Los jueces, elegidos de entre los más veteranos caballeros del Reino y el Condado, dan la orden de comenzar haciendo sonar sus cuernos de caza al unísono. En ese mismo instante el Bardo rompe a cantar una vieja canción que relata la fundación de Armigia. El joven Conde mira a los jueces, en espera de que reprendan al irreverente luchador, que por otra parte no se ha movido ni puesto en guardia. “Nada en las antiguas tradiciones dice que un Cazador no pueda cantar mientras lucha” dicen los viejos árbitros, tras una breve consulta entre ellos.
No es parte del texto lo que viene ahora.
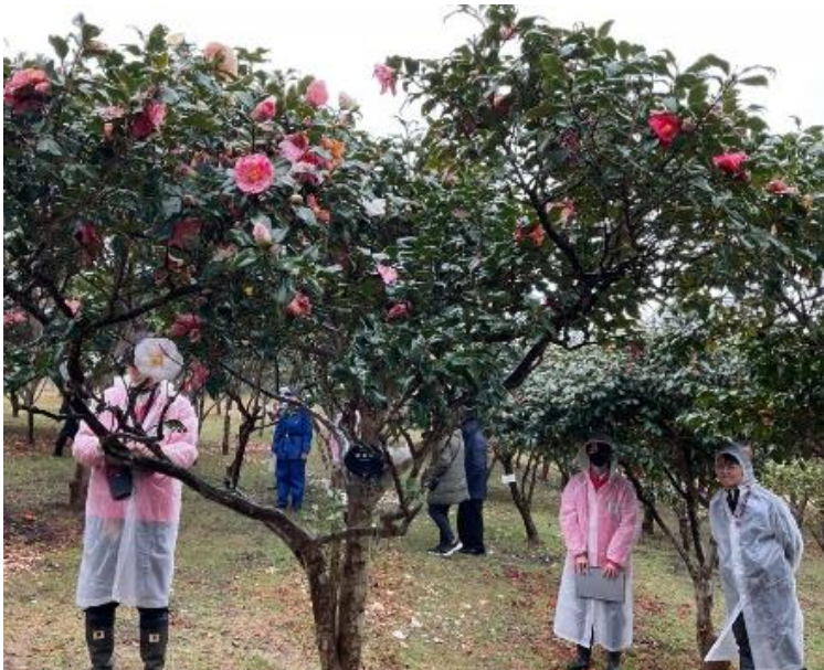
The School Garden
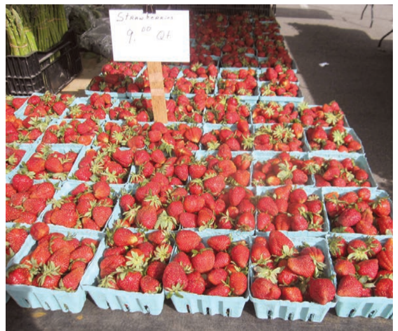
Strawberries were popular purchases.
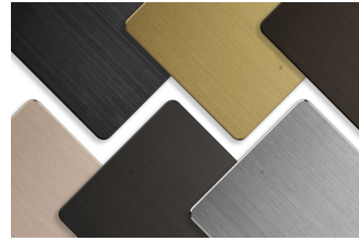
AntumbraButton - Different colors Button Finish
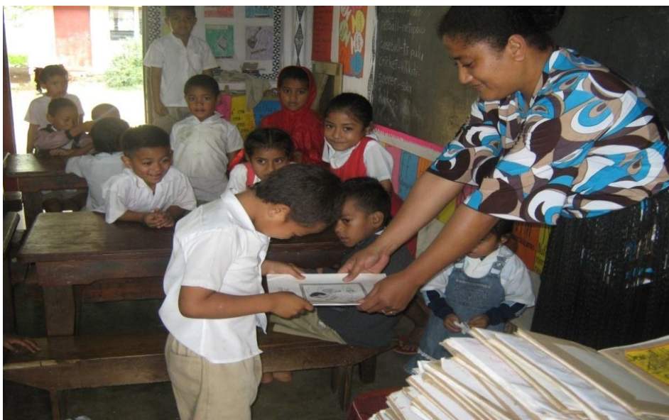
G1: Teacher and student with the new curriculum in primary school.
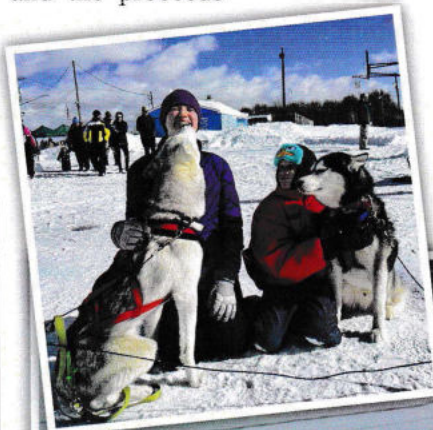
Sled Dog demonstration at Eden Winter Fest
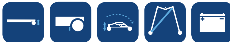
Height of legs ▼ Ground clearance ▼ Height when folded ▼ Turning diameter ▼ *Working ability ▼
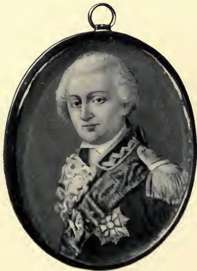
Admiral, Lord Rodney By John Singleton Copley Page 56
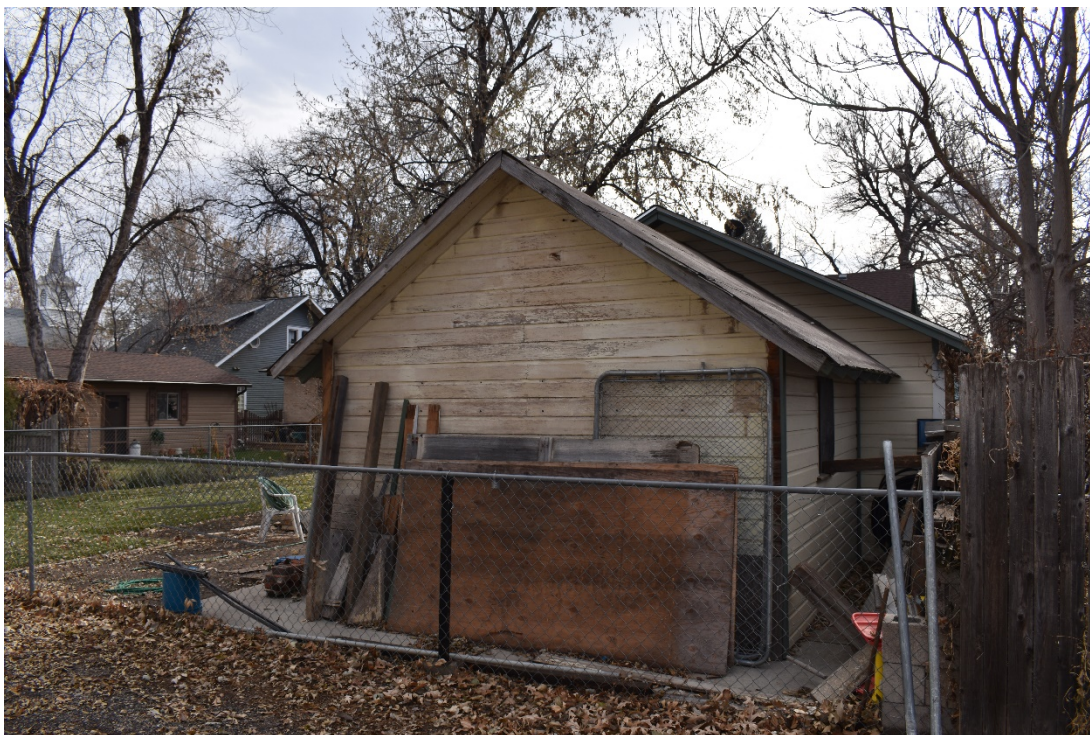
CD 1, Image 68, View to South-Southeast, of the garage and shed
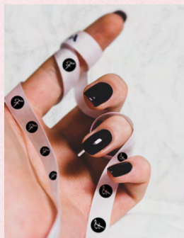
Semi-Permanent Nail Polish
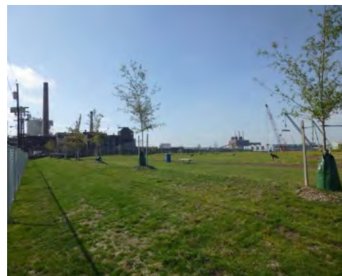
Camden County Phoenix Park

* New landfill and landfill cell construction projects that have a water quality benefit are eligible for a funding package that will consist of loan financing with a blended interest rate of 75% of the I-Bank AAA Market Interest Rate for the allowable project costs. Other landfill construction projects that have a water quality benefit are eligible for the Base CWSRF financing package.
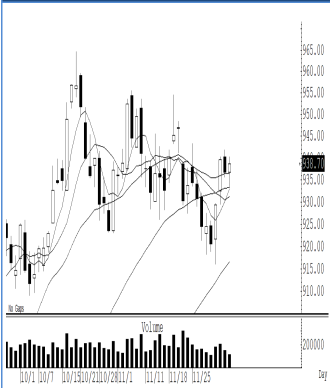
S50Z24 (Close 938.70 Chg -2.90)

Al oír esto, el Conde, furioso y sabedor de su superioridad, como hombre de armas que es, se abalanza sobre la flaca figura de su adversario. Su idea es acabar cuanto antes con lo que le parece una burla a su recién estrenada dignidad real. La muchedumbre que rodea a los luchadores contiene el aliento pues, a pesar de ser un hombre muy fornido, el Conde se mueve con cegadora rapidez. Por un instante todos dan por muerto al osado Bardo, que no hace ni un solo movimiento mientras canta. Pero, cuando la hoja parece que va a travesarle, él, simplemente, ya no está allí. Un paso, ágil y distinguido como el de un bailarín de la corte, ha bastado para evitar la mortal acometida.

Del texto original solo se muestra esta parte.